▶ What the task asks: All lines from the one that contains "Synthetic peptide located" to the end of the data must be retyped exactly. Pictures are not retyped.

Records drawn from a dataset:

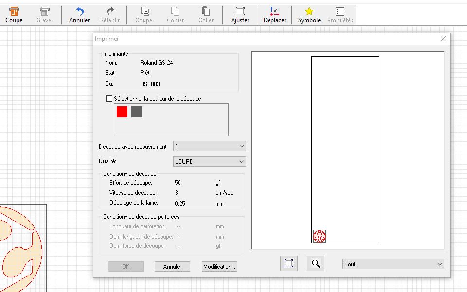 On the ROLAND GS-24 … I’ve set the Force of pen on 50gf and I’ve decrease Speed @ 3cm/s I’ve charge the media inside machine and get from machine the real dimensions.
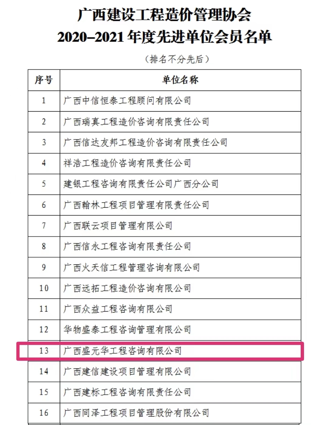 據(jù)悉,廣西盛元華至2019年以來蟬聯(lián)獲得廣西建設(shè)工程造價(jià)管理協(xié)會的先進(jìn)單位會員,這不僅是行業(yè)協(xié)會和社會各界對廣西盛元華篤行不怠,砥礪奮進(jìn)為廣大客戶提供高品質(zhì)服務(wù)的肯定,更激勵(lì)了每一位盛元華人以“誠信為本 有諾必踐”為宗旨,在未來的工作中不斷提高服務(wù)品質(zhì),提高行業(yè)競爭力而不懈努力!
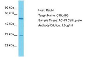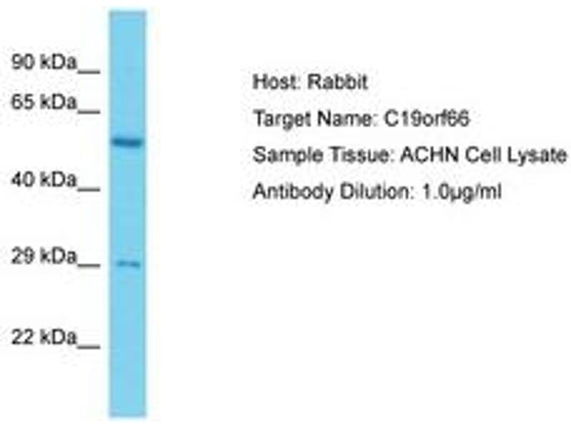 Synthetic peptide located between aa35-84 of human C19orf66 (Q9NUL5, NP_060851). Percent identity by BLAST analysis: Human, Chimpanzee, Rabbit, Pig (100%).
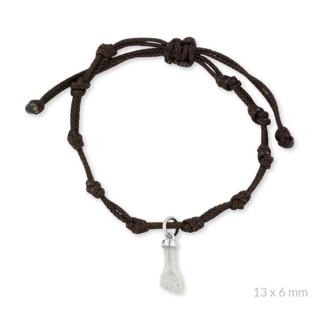 Pulsera de hilo marrón con Higa de madreperla de Plata de Ley | 10 nudos.
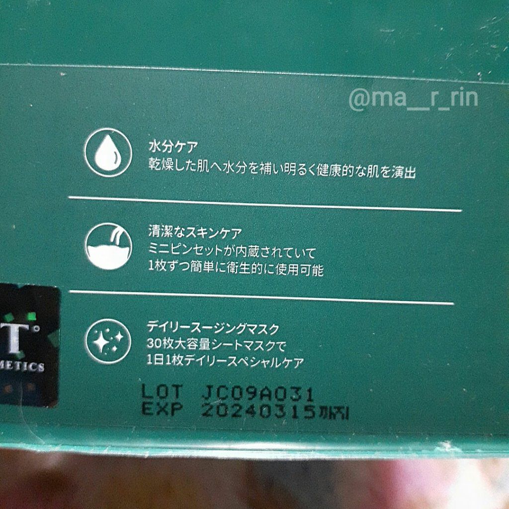 - 1日10分貼っておくだけ!乾いたゆらぎ肌に クイック整肌&水分ケア!1日に1枚ずつ! デイリーケアにぴったりな30枚入りの大容量シートマスク ■TIP メイク前の10分、時短メンテナンスケア。 肌をなめらかにして、化粧ノリが良くなります。 忙しいときはながらケアとしておすすめ! ■使用方法 洗顔後、化粧水で肌を整えた後、 蓋を開けてミニピンセットで1枚取り出します。 シートマスクを顔に均等に密着させ10分後にはがし、 残りの美容液はてのひら全体で優しくなじませます。
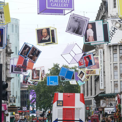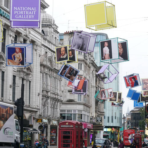 To kick off our summer season, actor and art enthusiast Russell Tovey unveiled ‘Art Reframed’. This captivating installation features some of the National Portrait Gallery's most celebrated portraits displayed on over 50 giant colourful cubes, lining the skies of London's lively entertainment district.

▶ Response below:
 Synthetic peptide located between aa35-84 of human C19orf66 (Q9NUL5, NP_060851). Percent identity by BLAST analysis: Human, Chimpanzee, Rabbit, Pig (100%).
 Pulsera de hilo marrón con Higa de madreperla de Plata de Ley | 10 nudos.
 - 1日10分貼っておくだけ!乾いたゆらぎ肌に クイック整肌&水分ケア!1日に1枚ずつ! デイリーケアにぴったりな30枚入りの大容量シートマスク ■TIP メイク前の10分、時短メンテナンスケア。 肌をなめらかにして、化粧ノリが良くなります。 忙しいときはながらケアとしておすすめ! ■使用方法 洗顔後、化粧水で肌を整えた後、 蓋を開けてミニピンセットで1枚取り出します。 シートマスクを顔に均等に密着させ10分後にはがし、 残りの美容液はてのひら全体で優しくなじませます。
 To kick off our summer season, actor and art enthusiast Russell Tovey unveiled ‘Art Reframed’. This captivating installation features some of the National Portrait Gallery's most celebrated portraits displayed on over 50 giant colourful cubes, lining the skies of London's lively entertainment district.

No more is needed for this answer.